Innovative Programs to Keep Jobs and Revitalize Regional Economies
A partnership between the Wisconsin State AFL-CIO and the regional business community produced the Wisconsin Regional Training Partnership (WRTP), which helps prevent plant closures, provides job training to current workers, and trains and places low-income, disadvantaged members of the community into jobs in a variety of sectors. In one year, the WRTP helped save four plant closures, preserving more than 1,000 jobs.2 Each year, the organization places roughly 500 residents, largely workers of color, into jobs with starting wages averaging nearly $15 per hour.3
A similar regional economic development program was created in 1999 in Western New York through a meeting of local unions, facilitated by Cornell University’s School of Industrial Relations. The initiatives of the Economic Development Group (EDG) include promoting the region to potential employers, training urban youth in construction occupations, converting abandoned buildings into single-family housing units, and channeling public investments into the creation of good-paying jobs.4 The EDG also helps support the regional economy by securing low-cost alternative energy sources. The organization recently converted a gas-powered plant into a biomass-fueled facility that uses willow trees and other locally-grown energy crops.5 The plant provides clean, low-cost energy to Buffalo’s workplaces and residents.

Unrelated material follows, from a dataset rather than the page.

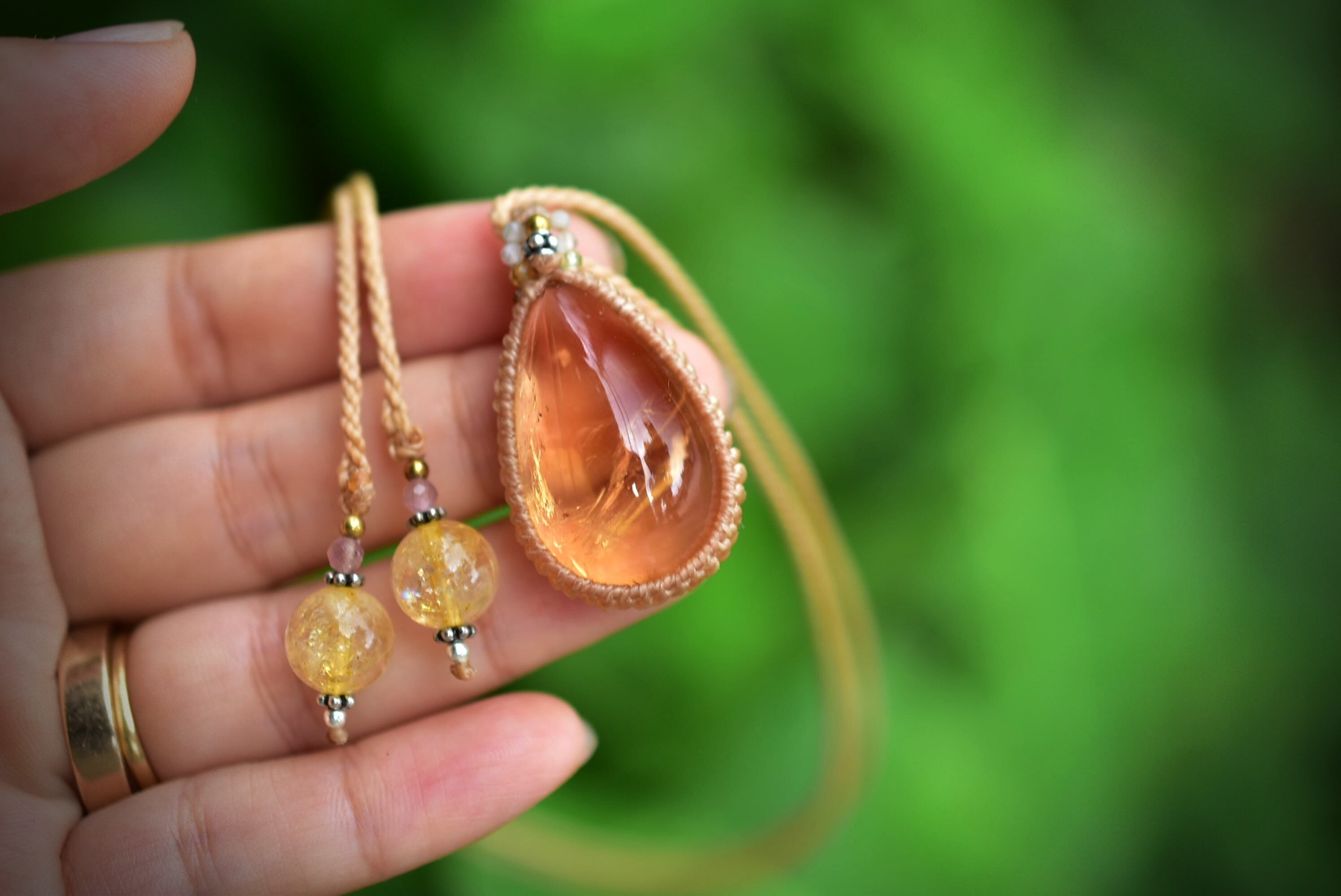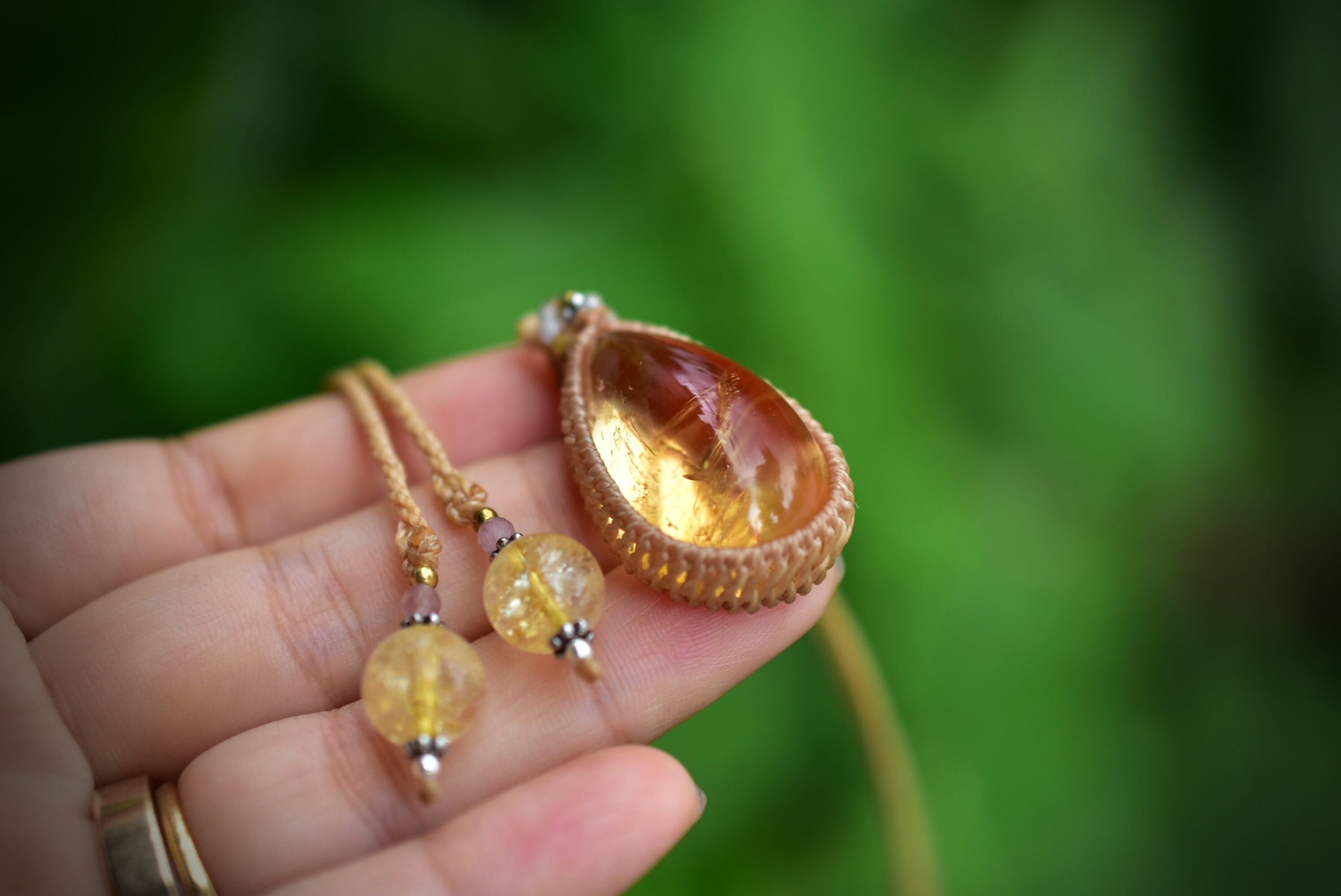金貨色★シトリン マクラメペンダント389
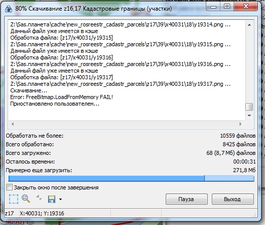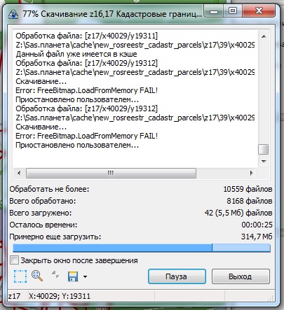 на жестком диске 9ГБ свободного места. кэш скачивается с нуля с пропуском уже скаченных тайлов. ошибка одинокого появляется как с использованием кэша Sqlite так и с обычным кэшем sas.планеты. |

Preserving Manufacturing Jobs through Partnership
In response to the decline of the steel industry in Western Pennsylvania in the mid-1980s, steelworkers, religious leaders, and mayors created the Steel Valley Authority (SVA) to save these valuable jobs. Since its inception, the SVA has helped to create or save 10,000 manufacturing jobs6 by advising companies on how to save the business and become more productive and energy-efficient, offering training to workers, and converting contaminated brownfields into useable manufacturing sites, among other services. In 2008, the State of Pennsylvania charged the SVA with managing an initiative to save 70 at-risk auto suppliers by providing them with turnaround expertise, worker training, and capital financing. The SVA also started the Heartland Capital Network with the United Steelworkers (USW), which directs funds from union-sponsored pension plans into investments that help secure and create quality jobs.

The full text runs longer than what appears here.